Segment Open

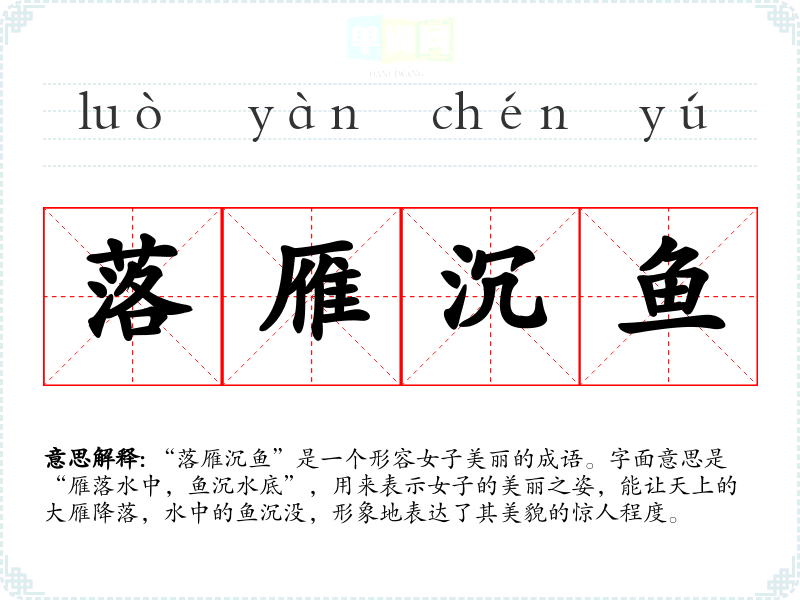 “落雁沉鱼”是一个形容女子美丽的成语。字面意思是“雁落水中,鱼沉水底”,用来表示女子的美丽之姿,能让天上的大雁降落,水中的鱼沉没,形象地表达了其美貌的惊人程度。
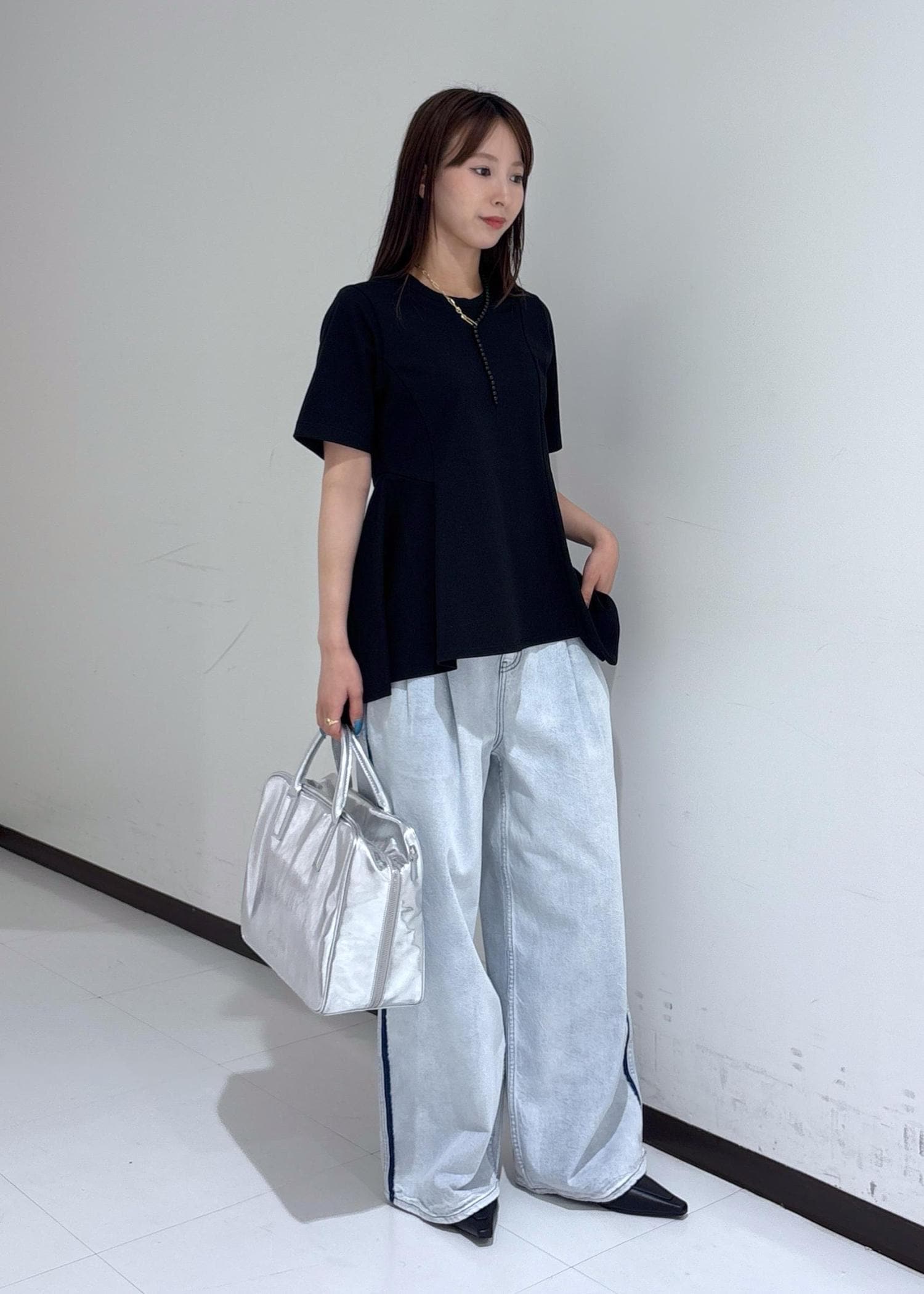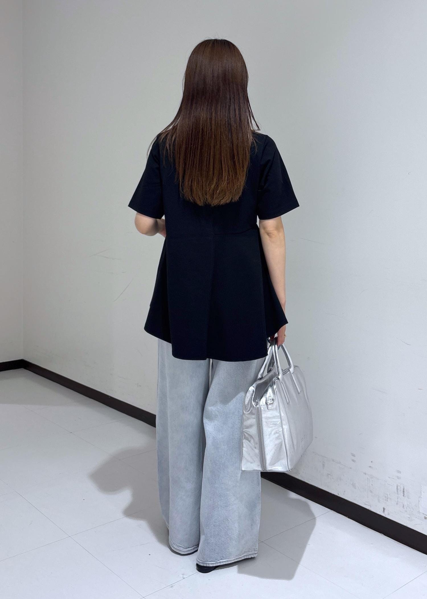 トップスは、Tシャツ感覚で気軽に着られますがデザイン性があるのでデニムと合わせると綺麗めな印象になります。
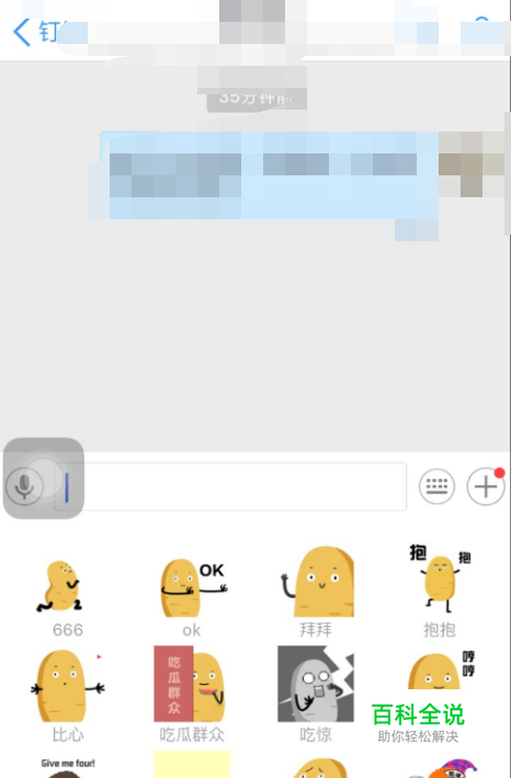 任意打开一个联系人对话框,以土豆表情包为例,开始操作,点击商铺小图标。
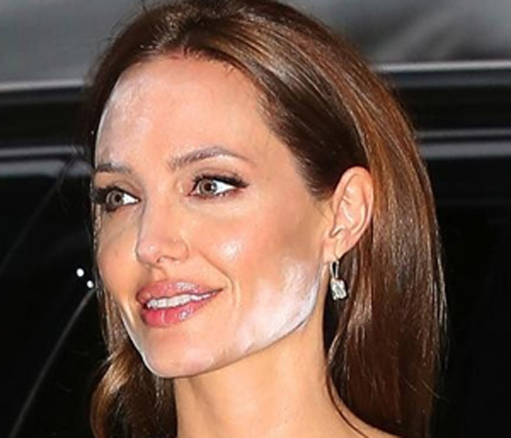 هي الجميلة التي تتبع الكاميرات إطلالاتها دائمًا، لكنها ظهرت إثناء حضورها حفل افتتاح مسلسل زوجها براد بيت، The Normal Heart، العام الماضي بإطلالة غريبة للغاية. غطت البودرة معظم أجزاء وجهها، وبدت كمجموعة من اللطخات البيضاء على الوجه، وجعلتها أضواء الكاميرا تتحول إلى ما يشبه الشبح.
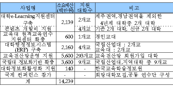 ±³À°ÀÎÀûÀÚ¿øºÎ´Â ´ëÇÐÁ¤º¸È¸¦ À§ÇØ ¿ÃÇØ 1¹é42¾ïÀÇ ¿¹»êÀ» ÅõÀÔ, ¡âe-·¯´× Áö¿ø¼¾ÅÍ ¼³Ä¡ ¡âÇàÁ¤Á¤º¸½Ã½ºÅÛ ±¸Ãà ¡â±³À°Àü»ê¸Á ¿î¿µ Áö¿ø ¡â±¹¸³´ë Á¤º¸È±â¹Ý È®Ãæ µîÀÇ »ç¾÷À» ÆîÄ£´Ù°í ¹àÇû´Ù.<Ç¥ ÂüÁ¶>
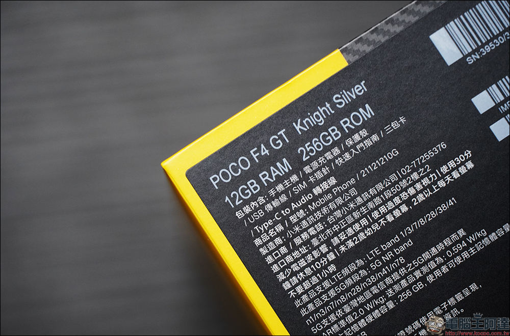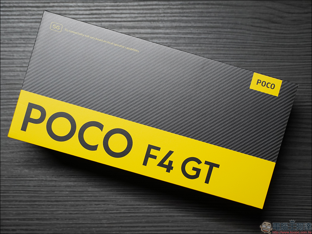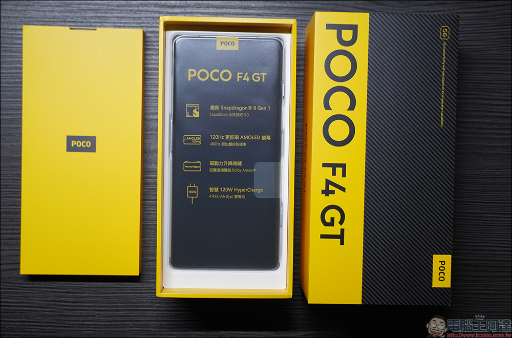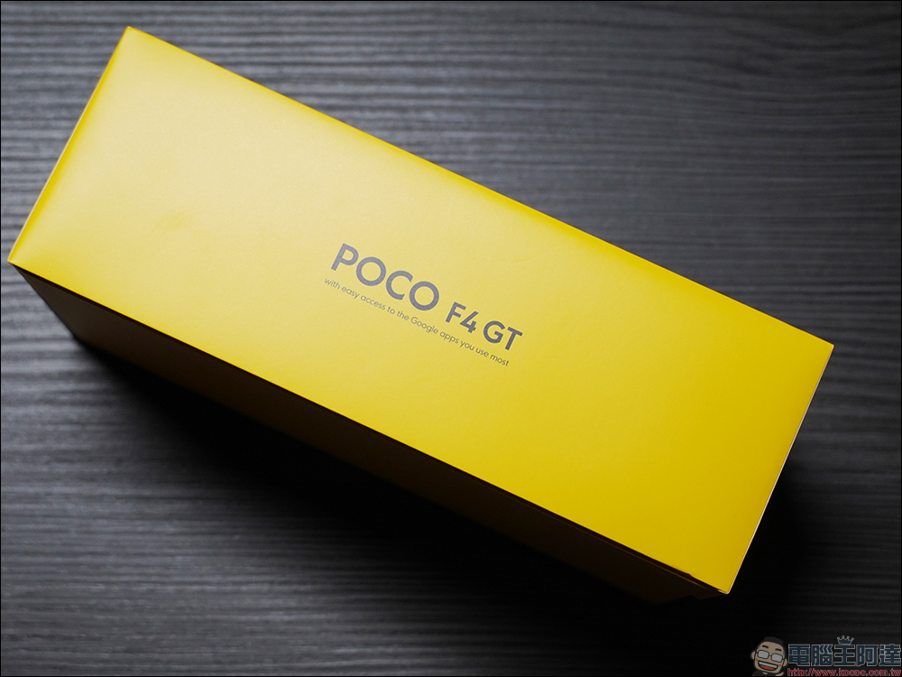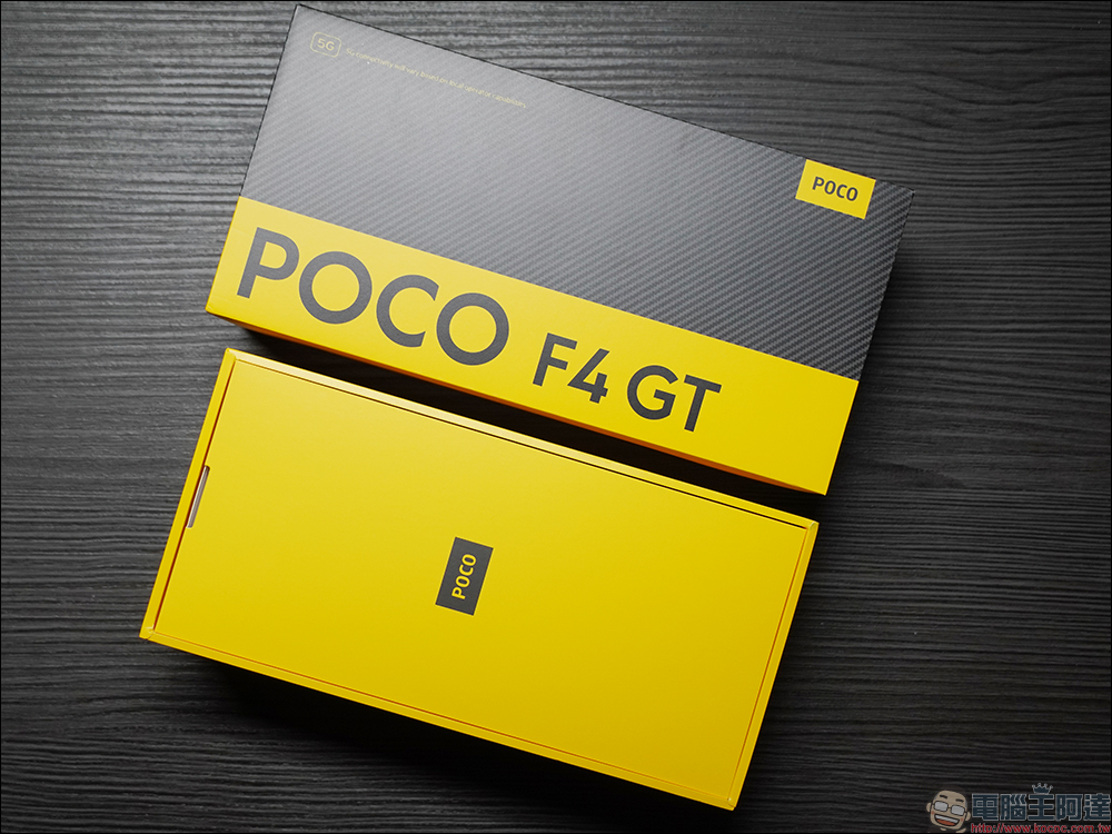 POCO F4 GT 的盒裝設計,採用招牌的黃、黑配色搭配:

Segment Closed

— What you need to do —
Verbatim output of every entry above is required, though pictures are to be left out.

— Written solution —
 “落雁沉鱼”是一个形容女子美丽的成语。字面意思是“雁落水中,鱼沉水底”,用来表示女子的美丽之姿,能让天上的大雁降落,水中的鱼沉没,形象地表达了其美貌的惊人程度。
 トップスは、Tシャツ感覚で気軽に着られますがデザイン性があるのでデニムと合わせると綺麗めな印象になります。
 任意打开一个联系人对话框,以土豆表情包为例,开始操作,点击商铺小图标。
 هي الجميلة التي تتبع الكاميرات إطلالاتها دائمًا، لكنها ظهرت إثناء حضورها حفل افتتاح مسلسل زوجها براد بيت، The Normal Heart، العام الماضي بإطلالة غريبة للغاية. غطت البودرة معظم أجزاء وجهها، وبدت كمجموعة من اللطخات البيضاء على الوجه، وجعلتها أضواء الكاميرا تتحول إلى ما يشبه الشبح.
 ±³À°ÀÎÀûÀÚ¿øºÎ´Â ´ëÇÐÁ¤º¸È¸¦ À§ÇØ ¿ÃÇØ 1¹é42¾ïÀÇ ¿¹»êÀ» ÅõÀÔ, ¡âe-·¯´× Áö¿ø¼¾ÅÍ ¼³Ä¡ ¡âÇàÁ¤Á¤º¸½Ã½ºÅÛ ±¸Ãà ¡â±³À°Àü»ê¸Á ¿î¿µ Áö¿ø ¡â±¹¸³´ë Á¤º¸È±â¹Ý È®Ãæ µîÀÇ »ç¾÷À» ÆîÄ£´Ù°í ¹àÇû´Ù.<Ç¥ ÂüÁ¶>
 POCO F4 GT 的盒裝設計,採用招牌的黃、黑配色搭配:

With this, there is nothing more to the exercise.